July 27, 2004

Let the Games Begin

The further into the fortnight you get, the fewer people you have living under coach-policed curfews, forced to abstain from the bacchanalia. And once they’re done, watch out: thousands of young people with boundless energy and great legs are suddenly let loose.

Once freed, many athletes simply cannot control themselves. They are slaves to an irresistible physiological force called "tapering" that works like this: many competitors in endurance sports consume as many as 9,000 calories a day at the height of their training cycles. But they swim or run or pedal seven hours a day to burn these off. In order to peak for the Games, however, they reduce their training time to mere minutes in the days preceding their events while keeping the calorie count virtually constant. Thus an athlete is spring-loaded for his or her moment in the sun: lots of rest, lots of energy - boom.

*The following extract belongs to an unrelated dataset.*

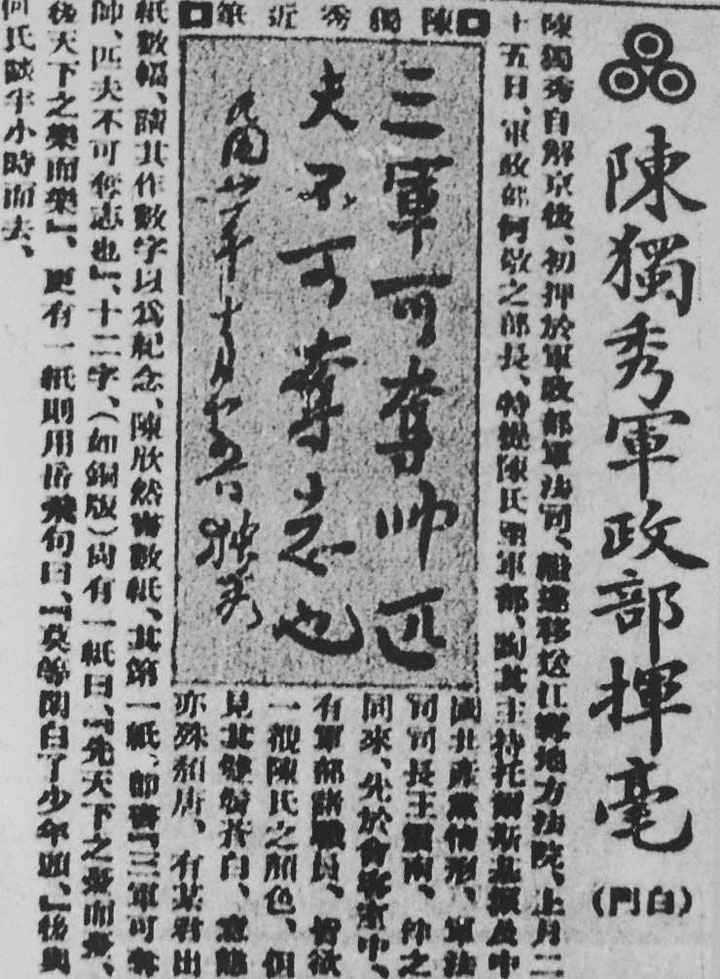 1932年,陈独秀被捕押往南京军政部,应何应钦请求为其挥毫题字:“三军可夺帅,匹夫不可夺志也。”

The results, particularly within a large, like-minded population, can be electric. "When you have 10,000 people walking around who are amped up on their own glycogen you can almost see the sparks flying off their skin," says BJ Bedford, the American backstroke gold-medallist at Sydney.
story via: dr.menlo
~I was thinking sports training at the international level was obsessive-compulsive behavior at it's most outrageous.
(Who needs to imagine abductions by space aliens when there's human beings putting themselves through the regimes demanded by professional sports?)
Now I see the physical rewards are more immediate, more absorbing and less punishing.

Also via Dr. Menlo Google links to: "sex is good for you"
~But the older you get the more it costs.